We have increased equipment cost, all the things you are familiar with. For Q3, this has led to an inflow ARPU level that is the best we have seen in at least three years and is, year-over-year, up 21%, which obviously is material. Now, I said we have moved again last week, and this is important because last week we have really done a more-for-more move across our whole cable portfolio in Germany. And this was coming with higher speeds, particularly higher uplink speeds nationwide, which have enabled us to do another step on pricing in a more-for-more fashion. Now, what we see then is that the value equation is working today. You see it also in our fixed line trends in the P&L.

Essentially, the drag on TV is still in there, but as you can see, it's slightly being now eroded because we have seen fixed broadband in consumer improving and is now stable. Now, you asked about what's happening around us. Based on what we see, clearly, the market will always be dynamic. But based on what we see today, we see also the market environment improving as we do our actions. In terms of more broadly, as I said, it's a dynamic market. But from my perspective, what you should always expect Vodafone to be doing is really maximize for overall service revenue trajectory. And that remains the absolute principle.

Akhil Dattani (Head of European Telecoms Equity Research)

Thank you very much.

Operator (participant)

Thank you. Our next question today comes from Robert Grindle from Deutsche Numis. Please go ahead.

Robert Grindle (Managing Director and Head of European TMT Reseach)

Good morning, and thank you. Perhaps taking a more group-wide, holistic than a single country view, in Q3, we saw OSR growth firmly positive in Europe for a second quarter, despite the tough comp in the U.K., and well into double-digit EM growth continuing. What can you say, if anything, and we're already a chunk through Q4, on your overall prospects for a full year 2027 and beyond? Are you feeling more or less optimistic based on the nine months to date? Thank you.

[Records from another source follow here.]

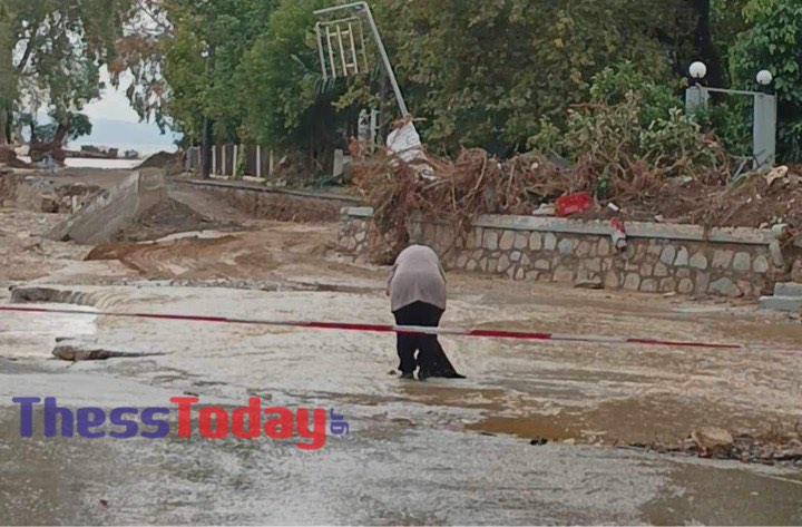 Το τοπίο που ξεπρόβαλλε για τους ελάχιστους πια κατοίκους που έχουν απομείνει στον Πλατανιά, χαοτικό. «Δεν υπάρχει σωτηρία για εμάς… δεν υπάρχει μέλλον», ψιθυρίζει η Ελένη Γεωργακούδη (κάτω φωτογραφία του ThessToday.gr), κάτοικος που με τα γυμνά της χέρια πλένει στον εμφανώς βρώμικο ποταμό, τα αδιάβροχα ρούχα της. «Καταστραφήκαμε» προσθέτει, όσο χρησιμοποιεί ως πλυντήριο τα λασπόνερα. Το δικό της, όπως εξηγεί, παρασύρθηκε κάπου στον Παγασητικό.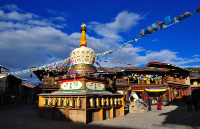 贵宾按照提前约定时间起床,早餐后,前往【独克宗古城】参观龟山公园,合力转动世界最大转经筒,为家人祈福,在自由的时间里,穿一次藏服,当一次卓玛。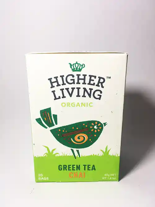 Infusión Té verde Chai. Mezcla de especias que combina hojas de té verde con cardamomo, canela, clavo de olor y cáscara de naranja. 100 % Orgánico. La caja contiene 20 bolsitas. Origen: Inglaterra.

Margherita Della Valle (CEO)

Thank you, Robert. I mean, once more, it's going to be about moving parts because, of course, this is a quarterly update. But Pilar will tell you the direction of travel on these moving parts. To your question, what you will find is that it's all very consistent with our multi-year growth trajectory that we have been discussing since May. So maybe, Pilar, you can take those.

Pilar Lopez (CFO)

Yeah, Robert, thanks for the question. And yes, I mean, as Margherita was saying, early days to provide the exact detail. We will come back in May. But at a high level, we remain very confident on the multi-year outlook for adjusted free cash flow growth for 2027. Several components there that we need to take into account. From an EBITDA perspective, we expect continued good growth for the group overall. Margherita spoke in detail about the German trends. We also expect the U.K., the first meaningful cost synergies to be delivered in 2027, which is a very relevant fact. From an EBITDA perspective, emerging markets, I mean, typically, with lower inflation, are likely to slow down. That is something, again, that you need to take into account in terms of EBITDA. But as I said, continued good growth for the group overall into fiscal 2027.

Then in adjusted free cash flow, you obviously have CapEx. On that one, I mean, I'm happy to say that we remain very confident with the capital intensity, with the level of capital intensity that we have at the moment. In fiscal 2027, there will be a step up in the U.K. in line with that year being the peak of the investment program in the U.K. But again, all EBITDA and CapEx consistent with the multi-year growth trajectory that we've been sharing with you. Then you also need to take into account, below adjusted free cash flow, there are a number of moving parts. And the main ones for me to flag right now have to do, again, with the U.K. in terms of integration costs. Fiscal 2027 will be a full year of integration.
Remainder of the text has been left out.